Something wonderful happens to people after they have had their cochlear implants for a while. They get on with life!
As a late-deafened adult and cochlear implant recipient, I know the emotional roller coaster of losing one’s hearing; the life and relationship issues that go with that; and finally the high of getting sound back. Definitely “emotional roller coaster” is the right descriptive phrase.
Have you ever ridden a roller coaster? What can you do when you are riding one? About all you can do is ride. You might talk with the person next to you, laugh, or yell, or scream, but you won’t be composing a report or holding a meeting.
As my hearing loss progressed, I participated in life less and less. I quit going to movies, parties or anything that involved a large noisy group or a large room that might echo sound. I stopped using the phone and pretty much limited my communication to family and close friends. Anything beyond that was intimidating, like standing up in a roller coaster. If I had to be on this ride, then I was going to stay seated in my little box and hang on so I felt safe. I might look at the scenery once in a while, but it was easier not to.
I like the feeling of getting off a roller coaster. That first step of putting solid ground under your feet feels so reassuring. I love looking around and being able to walk away and put some distance between me and a ride that I don’t like.

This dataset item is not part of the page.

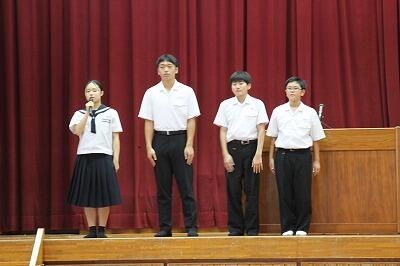 12日(木)5校時の2学年集会では、全国大会出場に向けての壮行会が行われました。学年代表が応援メッセージを送ったり、エールを全員で送ったりしました。そして3名それぞれが、決意表明をしてくれました。全国大会でも、いつものチームワークの良さが発揮できることを期待したいです。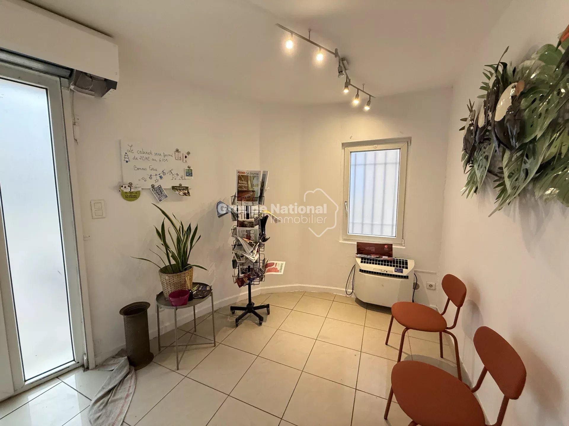 Situé au rez-de-chaussée d'un petit immeuble sur les quais, local commercial climatisé et refait à neuf de 23,5m² environ avec un petit patio Composé de deux pièces, une salle d'eau + wc, une buanderie.

With my cochlear implants, I can get off the ride. I’ve got the ground under my feet again. I can walk away and join the world for the day and I don’t have to get back on until the sun is down and the roller coaster sleeps.
It is fun though, especially when you don’t like a ride, to go on the ride with friends. I attended my first Hearing Loss Association of America (HLAA) convention this year in June. It was a wonderful experience and the first time I really enjoyed the ride, the hearing loss roller coaster. When we get on the roller coaster together, we hug, we smile, we share the ride and we laugh!
I have noticed that many of the friends I have made through my blog, the Bionic Ear Association, the HLAA and the online forum, Hearing Journey, are getting off the roller coaster and walking away. They have other things to do and lives to live. What a wonderful thing this is!